Juvenile structures continued to develop for 43 more days before the first larva metamorphosed (Table 1). Unfortunately, most cultures became infected with bacteria at about 80 days after fertilization, and only nine larvae survived to metamorphosis. Of these, all metamorphosed with a set of five primary podia growing from the left hydrocoel and between one and three pedicellariae, one on the dorsal surface associated with the base of the dorsal arch spicule, and two posterior on the left side--one at the base of the posterodorsal arm rod and one at the base of the pastoral arm rod (Fig. 4A, B). In all competent larvae, there was always a pedicellaria associated with the dorsal arch spicule. All spines present at metamorphosis were of the same type, and they varied widely in number between 5 and 23 (Fig. 5A, B). We saw competent larvae using their podia to adhere to the bottoms of dishes. Some larvae metamorphosed (lost larval traits) in less than a day, whereas others metamorphosed more gradually over several days. Competent larvae would adhere to the substratum with their podia; subsequently they would reorient their larval arms toward the posterior of the larval body and resorb the tissue from the arms so that only larval rods remained. All during this time, 'juvenile spines were becoming more apparent and the body was becoming round when viewed from the aboral side.
One day after metamorphosis, juvenile test diameter was 471 [micro]m ([+ or -] 49 pm SD, n = 4). Juvenile spines after metamorphosis were all identical in morphology. They were straight, gradually tapered to a simple point, and lacked any outwardly directed points at their distal ends (Fig. 5B, C). Adult spines developed 14 days after metamorphosis. These spines were more stout at their bases than juvenile spines, grew long, and had spinelets that projected distolaterally at regular intervals along their lengths. The first set of secondary podia appeared 20 days after metamorphosis. At 35 days after metamorphosis, the two remaining juveniles had test diameters of 769 gm and 762 gm, and they had buccal plates and calcified teeth (40-day-old juveniles are shown in Fig. SC, D).

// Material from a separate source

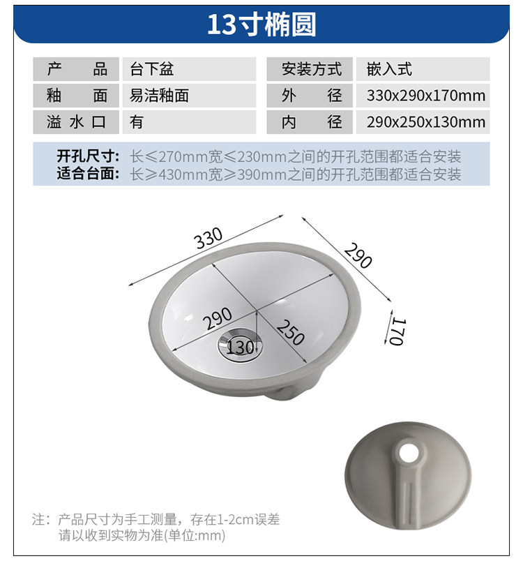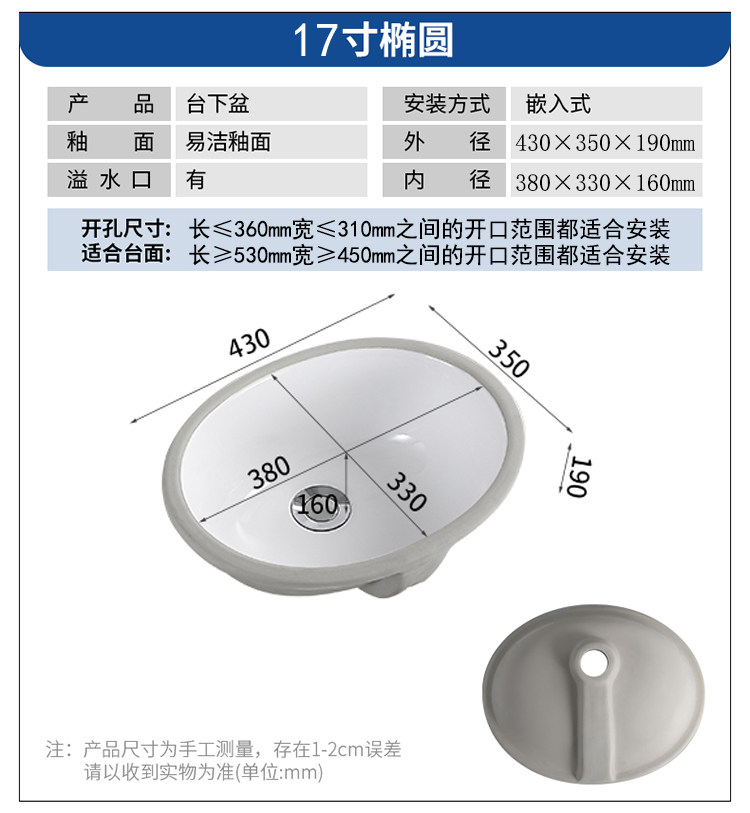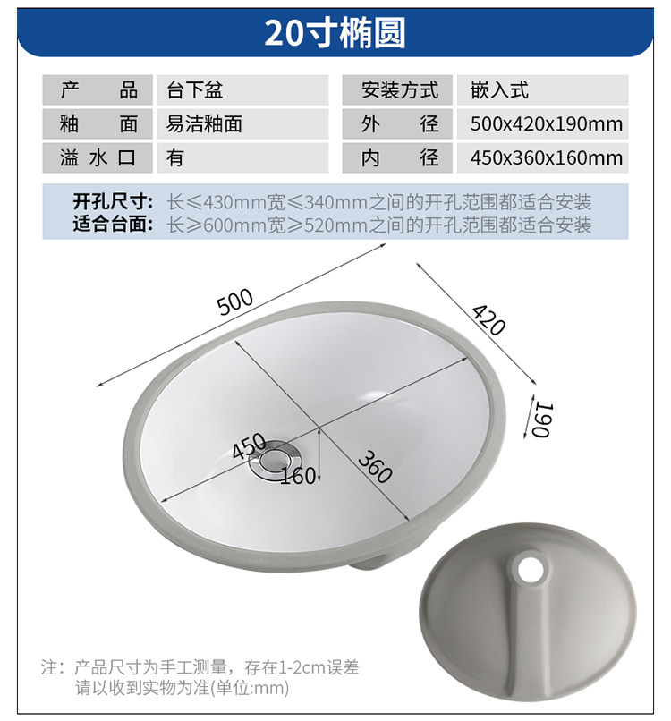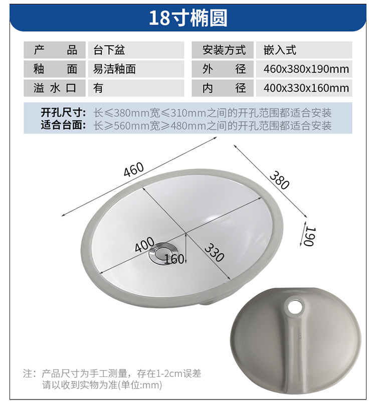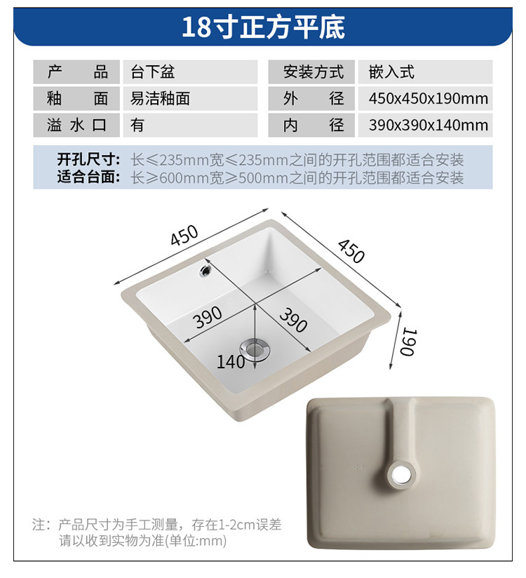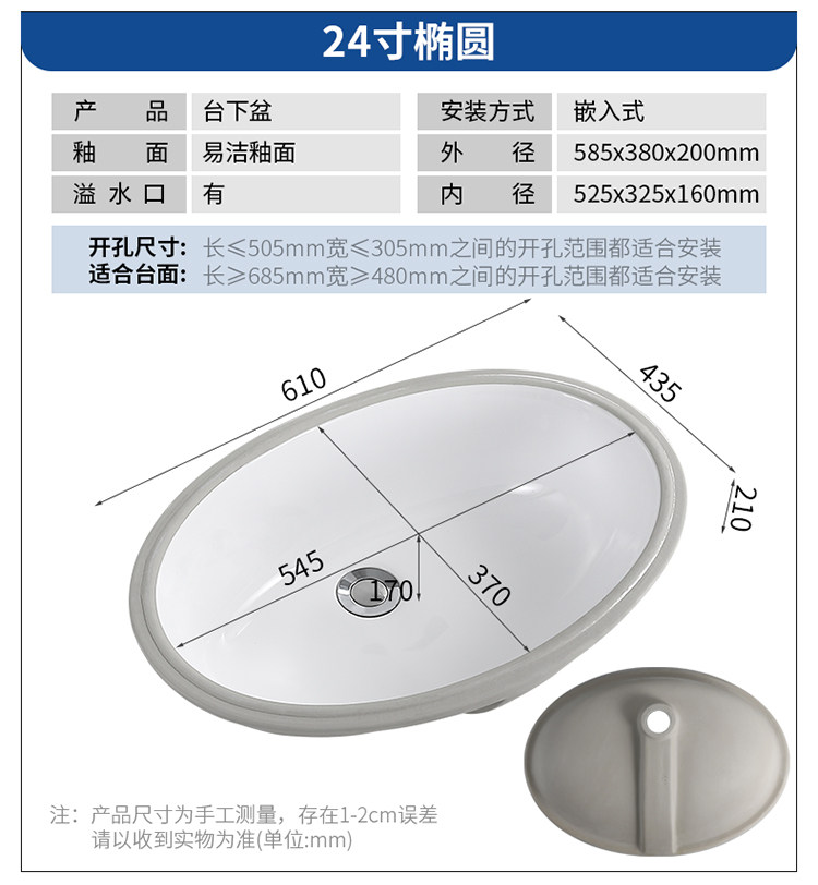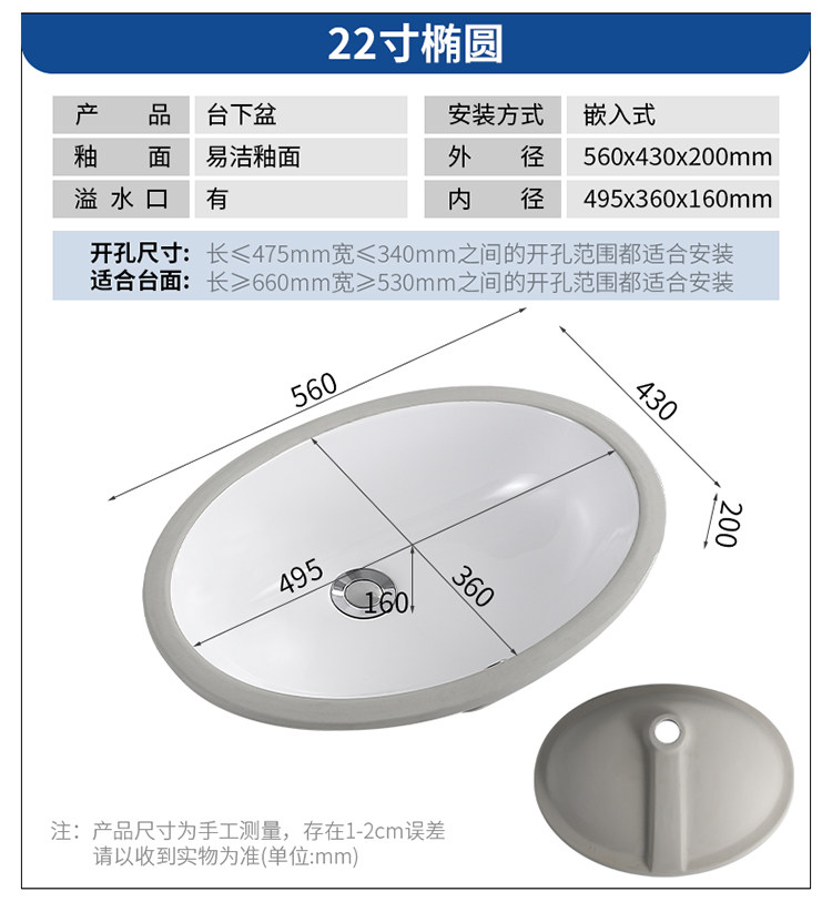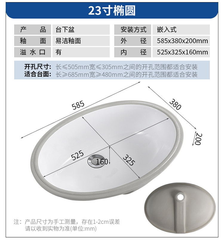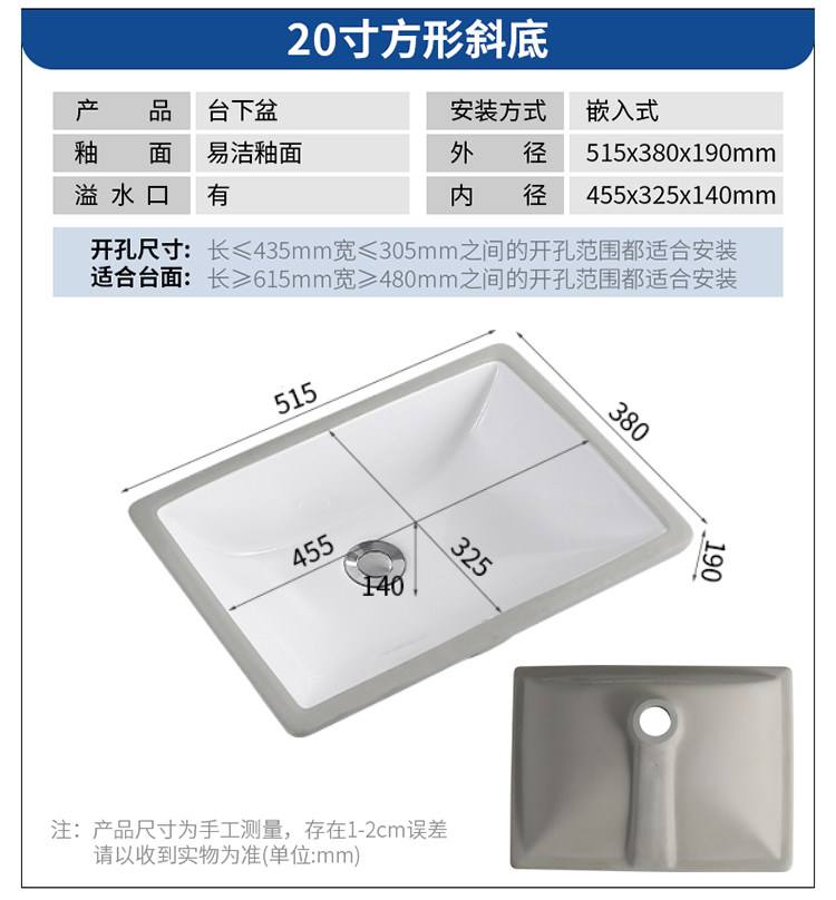 Taja de cerámica tamaño elíptico lavabo piscina balcón incrustado casero cuadrado hotel lavabo único

We were unable to culture C. blakei larvae at temperatures higher than 12 [degrees] C. Cultures placed in incubators and maintained at 16 [degrees] C did not survive. Attempts to acclimate larvae to increased temperatures using the thermal block were also unsuccessful. After 24 h and a temperature increase to 15 [degrees] C, 100% of plutei in all vials became morphologically abnormal. At 22 [degrees] C, all larvae had resorbed arms, deformed mouths, and reduced or lost lobes compared to control plutei held at 11 [degrees] C (Fig. 6).
Characteristic embryology and larval form of cidaroids
In many respects, the development of Cidaris blakei resembles that described for other cidaroids. In early development there is an apparent lack of a hyaline layer, irregularly arranged blastomeres, variable numbers of micromeres, and an absence of primary mesenchyme (Schroeder, 1981). Later in development there are five pairs of lobes arising from the ciliated band (Prouho, 1887; Mortensen, 1937, 1938; Emlet, 1988). As in both the planktotrOphic cidaroid Eucidaris thouarsi and the lecithotrophic cidaroid Phyllacanthus imperialis, a vestibule for juvenile rudiment formation is lacking (Emlet, 1988; Olson et al., 1993).

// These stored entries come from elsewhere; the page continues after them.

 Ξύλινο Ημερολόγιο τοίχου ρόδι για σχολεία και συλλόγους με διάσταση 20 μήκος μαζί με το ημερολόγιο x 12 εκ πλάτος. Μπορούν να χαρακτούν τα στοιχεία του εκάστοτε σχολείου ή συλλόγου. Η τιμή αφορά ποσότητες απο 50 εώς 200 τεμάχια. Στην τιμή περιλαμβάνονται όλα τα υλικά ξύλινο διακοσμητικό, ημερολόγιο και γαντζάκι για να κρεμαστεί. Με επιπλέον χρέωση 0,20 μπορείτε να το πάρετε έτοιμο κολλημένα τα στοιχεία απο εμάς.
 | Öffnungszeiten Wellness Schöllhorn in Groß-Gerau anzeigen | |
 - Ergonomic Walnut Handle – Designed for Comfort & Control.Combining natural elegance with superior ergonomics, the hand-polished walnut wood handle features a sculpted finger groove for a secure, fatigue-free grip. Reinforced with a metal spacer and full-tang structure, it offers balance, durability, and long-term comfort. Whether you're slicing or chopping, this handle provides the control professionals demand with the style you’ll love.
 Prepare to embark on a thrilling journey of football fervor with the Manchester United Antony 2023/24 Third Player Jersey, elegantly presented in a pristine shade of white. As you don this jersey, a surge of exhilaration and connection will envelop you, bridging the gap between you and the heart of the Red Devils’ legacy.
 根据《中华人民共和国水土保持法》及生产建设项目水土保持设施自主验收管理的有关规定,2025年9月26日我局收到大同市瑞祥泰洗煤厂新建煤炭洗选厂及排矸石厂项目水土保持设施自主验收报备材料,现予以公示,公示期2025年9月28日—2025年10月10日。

For all species of cidaroids in which early development has been described, the blastomeres are widely spaced. In Prionocidaris baculosa, Mortensen (1938, p. 14) observed that the cells were so separate after first cleavage that they formed twins from a single egg. Mortensen also noted that a large percentage of embryos were of an unusual shape that ultimately went on to form a normal, spherical blastula. Schroeder (1981, p. 145) noted the same phenomenon in Eucidaris tribuloides and cited a "virtual absence" of the hyaline layer. Though we did not notice any instances in which two embryos developed within the same fertilization envelope, our observations of relatively large distances between the cells of developing embryos, our inability to see a hyaline layer, and our finding that embryos that were irregularly shaped after fourth cleavage later formed regular blastulae certainly concur with those of Mortensen (1938) and Schroeder (1981).

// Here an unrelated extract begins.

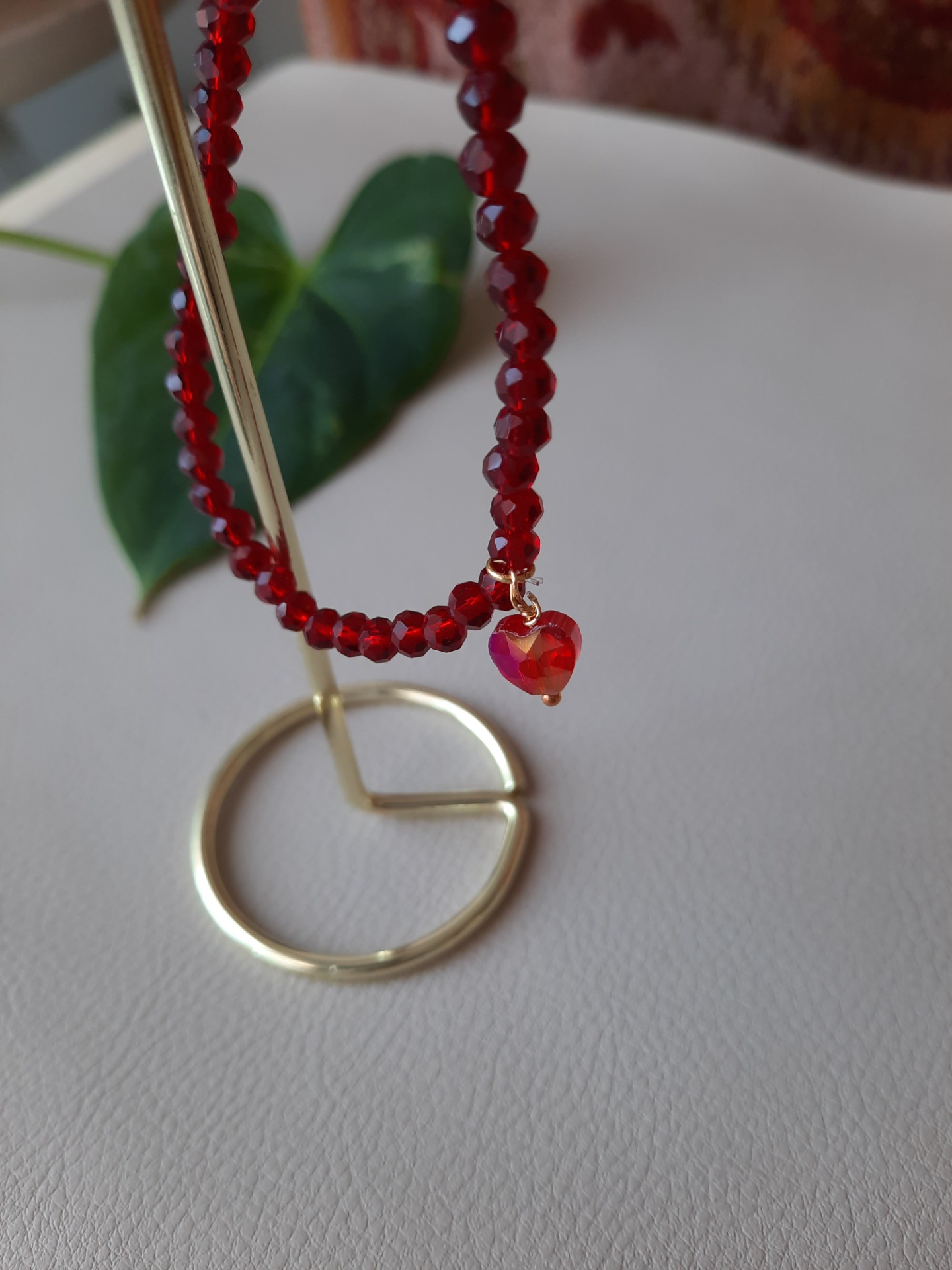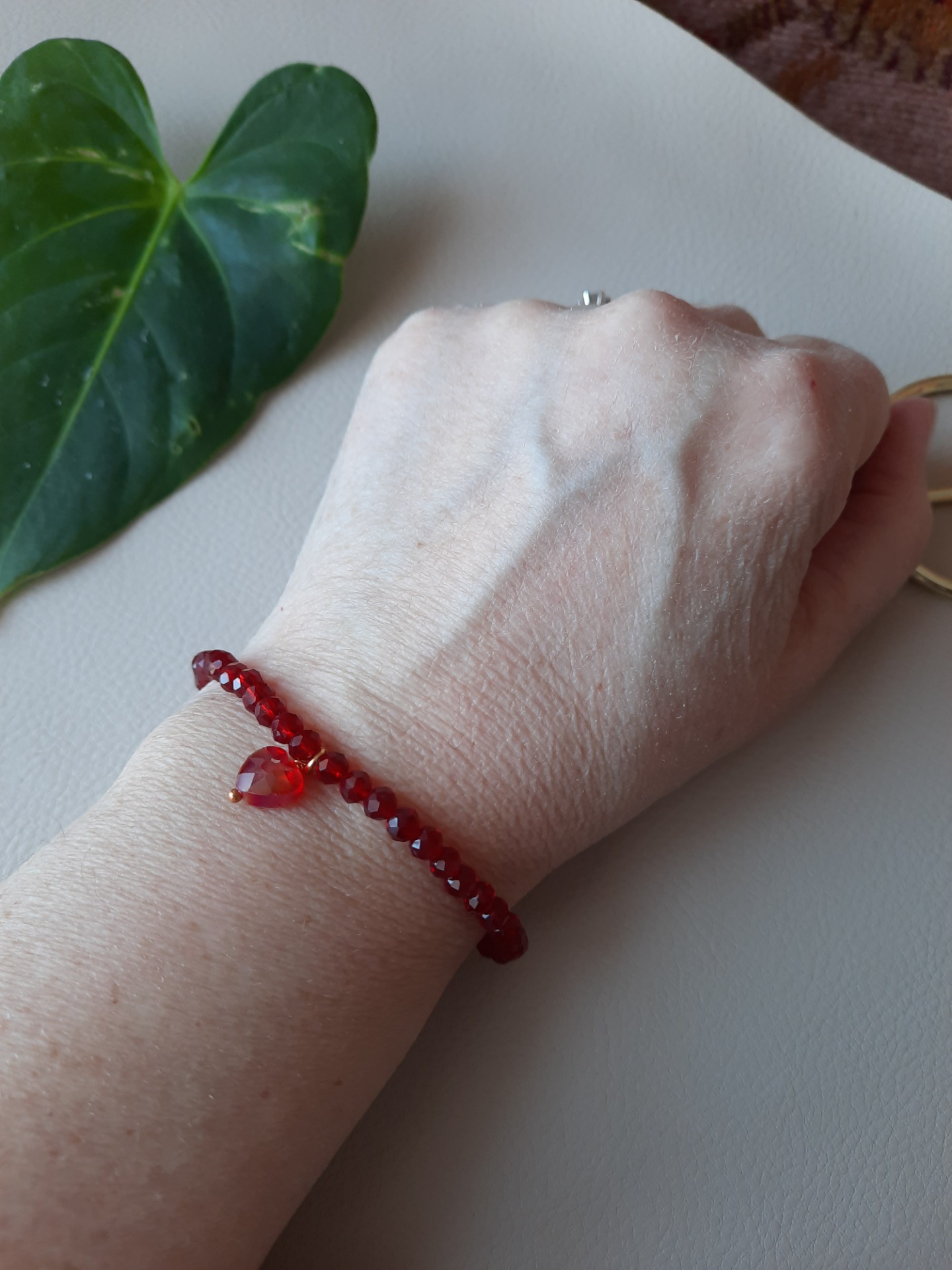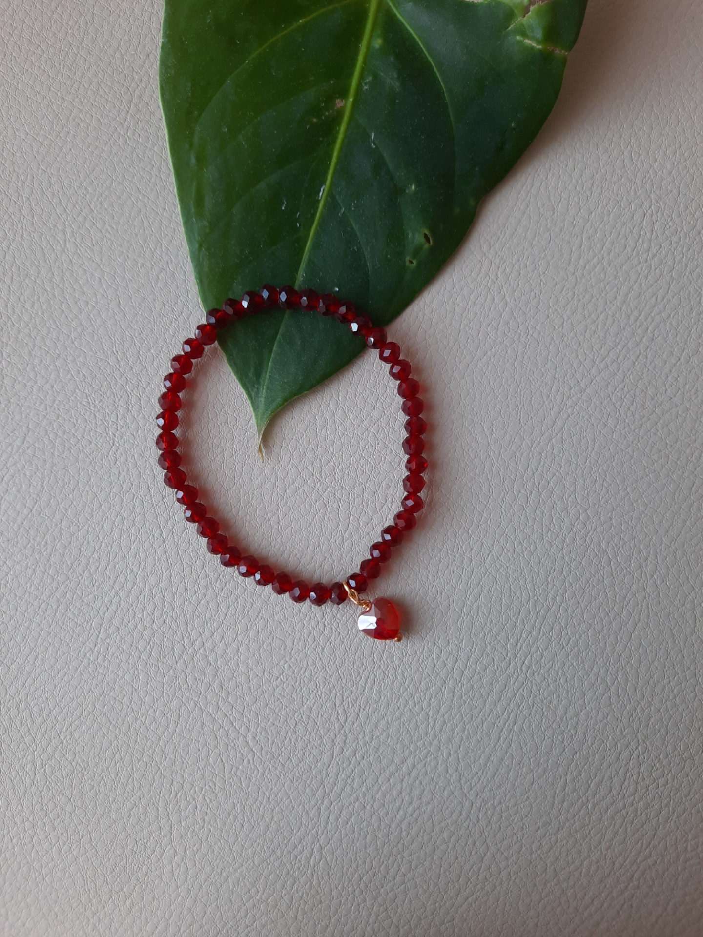 Lavet med røde, facetterede glaskrystaller og med et hjerte i Rhin-glaskrystal.

In euechinoids, there are two types of mesenchyme cells. The first mesenchyme cells to ingress are called primary mesenchyme and are derived from the small micromeres that arise at the vegetal pole of the embryo during an unequal fourth cleavage. These primary mesenchyme cells produce the larval skeleton. The secondary mesenchyme cells ingress later and are associated with pigment cells and musculature (Horstadius, 1973; Okazaki, 1975). Although cidaroids appear to lack primary mesenchyme, the skeleto-genic cells in E. tribuloides derive from the 16-cell micromeres just as they do in euechinoids, and these cells ingress earlier than other mesenchyme cells but not as early as in euechinoids (Wray and McClay, 1988). In experiments on cell lineage in E. tribuloides (Wray and McClay, 1988), blastomeres were size-fractionated using a sucrose gradient, then micromeres from donor embryos were combined with host blastomeres to form chimeras. The small donor cells went on to form the larval skeleton. In a much earlier study, Horstadius (1939) showed that when different numbers of micromeres were added to host embryos from which micromeres had been removed, the outcomes were vastly different. For instance, addition of a single micromere to isolated rings of animal or vegetal cells resulted in a ciliated blob, whereas the addition of four micromeres resulted in a normal pluteus. It would be interesting to know whether cidaroids, which already have variable numbers of micrometes, would also show a difference in development if these same experiments were performed.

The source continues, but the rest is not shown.